The double-blind IBSP samples are made to appear as much like environmental samples as possible. The IBSP submits these samples in shipping coolers to the National Water Quality Laboratory (NWQL) to mimic the process, as much as possible, by which actual environmental samples are submitted to the NWQL. All identifying information (except account number) is changed to that of actual Water-Science Center customers. Bottle labels are even "soiled" to give the appearance that the bottles have been filled in the field. After the samples are logged in, they are subjected to the identical laboratory handling, processing, and analytical procedures as are the environmental samples. Once the laboratory analyzes the samples, the results are loaded into the National Water Information System (NWIS) database (blind-blank results do not go into NWIS) at which point the IBSP personnel twice-weekly compile and review the analytical results.
There are several key differences that make IBSP blind-sample results more applicable in describing analytical performance in environmental sample matrices than on-line QC results.
(1) IBSP blind samples measure the analytical performance of the entire laboratory process—from sample login through data storage in the National Water Information System (NWIS) database. (Blind-blank sample results do not go into NWIS.) In other words, the IBSP blind samples are subjected to the same laboratory processes as the environmental samples and are designed to capture the same sources of variability to which the environmental samples are subjected. On-line QC samples, on the other hand, are designed for a different purpose. They are used primarily for initial instrument calibration verification and for on-going instrument calibration verification. On-line QC samples measure only a subset of the environmental sample analysis process.
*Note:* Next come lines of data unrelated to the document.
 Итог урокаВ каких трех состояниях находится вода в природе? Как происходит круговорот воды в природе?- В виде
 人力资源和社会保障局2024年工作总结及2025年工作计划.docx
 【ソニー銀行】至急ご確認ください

(2) Most IBSP blind samples are made from natural-water matrices whereas on-line quality-control samples are typically synthetic samples made from spiked reagent-grade water. Natural-matrix water samples contain a complex mixture of both organic and inorganic components that can cause interferences and affect how a sample interacts physically with an instrument (part of what's often referred to as "matrix effects"). These effects are not nearly as pronounced in spiked reagent-grade samples; therefore, natural-matrix blind samples present an analytical challenge more consistent with that of environmental samples allowing measured analytical performance of these natural matrices to be more appropriately applied to environmental sample results.
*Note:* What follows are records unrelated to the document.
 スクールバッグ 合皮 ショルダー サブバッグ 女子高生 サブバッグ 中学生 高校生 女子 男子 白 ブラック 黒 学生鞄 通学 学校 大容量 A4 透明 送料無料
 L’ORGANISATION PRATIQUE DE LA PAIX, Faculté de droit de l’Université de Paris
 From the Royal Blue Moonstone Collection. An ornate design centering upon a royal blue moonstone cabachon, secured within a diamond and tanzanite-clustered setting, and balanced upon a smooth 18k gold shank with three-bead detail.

(3) IBSP blind samples are a third-party check in the truest sense. Most IBSP blind samples come from round-robin studies and are used "as-is." The accepted target value, or MPV (Most Probable Value), is derived from data from multiple laboratories' results so has been confirmed many times over. On-line QC samples are typically made within the laboratory and usually undergo a number of processing steps that modifies the QC sample from its original form. The analysts, equipment, and solutions used to make these modifications are typically the same analysts, equipment, and solutions used to make the calibration standards and the on-line QC samples, so systematic errors can be introduced that are difficult to detect. Third-party, on-line QC samples partially mitigate this situation, but they are still typically prepared by the same analysts with the same equipment that is used for the calibration standards and other QC samples. Therefore, third-party, on-line QC samples may be affected by systematic errors.
When natural-matrix, blind sample data are not available, on-line QC data can be used to estimate analytical performance for environmental results so long as their limitations are well understood. As always, environmental-sample matrix spikes using appropriate spike levels are recommended for evaluating sample-specific bias.
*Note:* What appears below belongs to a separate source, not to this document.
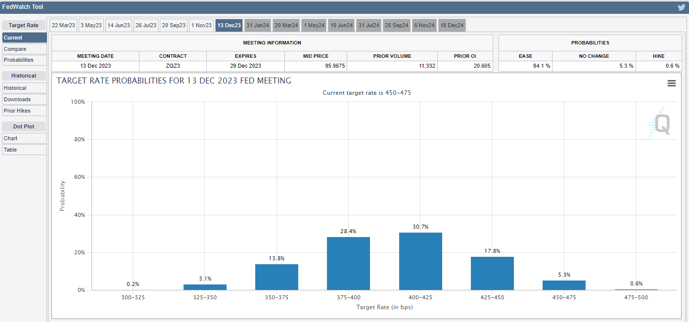 芝商所Fedwatch – FOMC 12月13日议息会议,联邦利率目标可能性
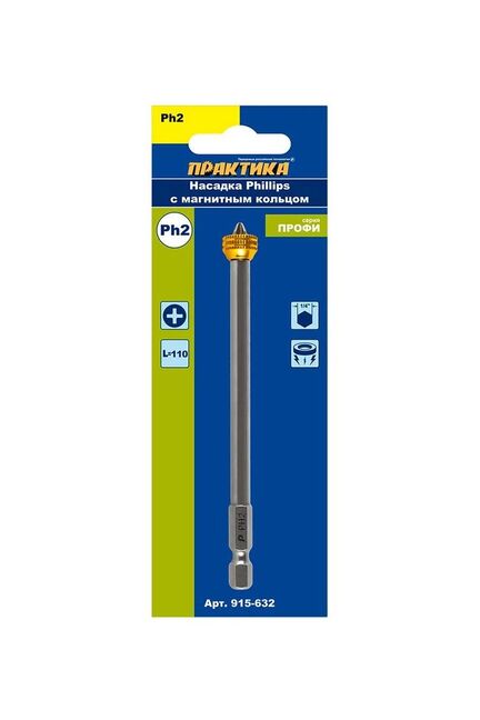 Бита отверточная ПРАКТИКА "Профи" PH-2*110 мм, с магнитным кольцом, 2 шт в Солнечный

There are two ways to easily obtain raw data.
(1) Access the chart for your parameter of interest on the Charts and data page. Once the chart launches, there will be an "Open Data Set" button. Click on this button and a spreadsheet will pop up with all of the data for that particular chart.
(2) Contact the listed project chief (see left-hand menu, top of page) for custom data pulls that match your project's date range and objectives.
IBSP control limits are set at +/-2 Quality Control Units (QCU) by convention. QCUs are calculated by three separate methods for any given analyte within a blind sample. The largest value of those three values is assigned as one QCU.
The three values for the QCU (shown in no particular order) are calculated as follows:
(1) f-pseudosigma. The f-pseudosigma used is the f-pseudosigma determined by the Standard Reference Sample (SRS) Project's interlaboratory comparison (round-robin) study for that analyte in that blind-sample .
(2) One-half the Method Detection Limit (MDL). This is the MDL (not the Method Reporting Limit) in use at the time that blind-sample was analyzed.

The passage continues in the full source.